Tuesday, May 15, 2012

Asset Allocators

You've heard this before: If you ASSUME, you make an A$$ out of U and Me.

How about if you ASSET ALLOCATE, you do something similar to you and your clients.

What? Sacrilege! Asset allocation is tried and true.

Whoa, cupcake, I have a twist for you. I am not against asset allocation. After all, if you moved into bonds and out of stocks in 2008 you did pretty dang well.

But think about what this can do in a steep move - up or down. Let's use the easier to understand - the bear market.

Let's say you reallocate your funds quarterly. Seems reasonable. You want to keep a balance of 60% stocks, 30% bonds and 10% cash. Again, reasonable although not my cup of tea.

Using round numbers, let's say your stocks drop 10% in value. At reallocation time you buy more stocks and trim some of your bonds and cash to get back to that 60-40-10 allocation.  So far, so good, right?

Now let's say stocks drop another 10% and you repeat this process of getting back to 60-40-10.

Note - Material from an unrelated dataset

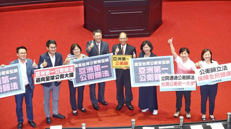 In an effort to help students of public health apply their expertise in the workplace and enable the nation to face the challenges posed by new epidemics, lawmakers yesterday passed the Public Health Specialists Act (公共衛生師法), touting it as the first of its kind in Asia.

And then it happens again. This is a bear market. Stocks are going to get cut by 40% in a year - big but not outrageous.

Do you see what has been happening? You've been adding to losing positions and trimming winning positions. Did they teach you that in CFA school?   If the bear lasts long enough, you may have allocated your capital away.

I propose you apply a little technical analysis to the allocation process. Do not reallocate unless the relative values of stocks relative to bonds and cash turns the corner. In other words, when stocks stop falling. Then, by all means, allocate your assume off.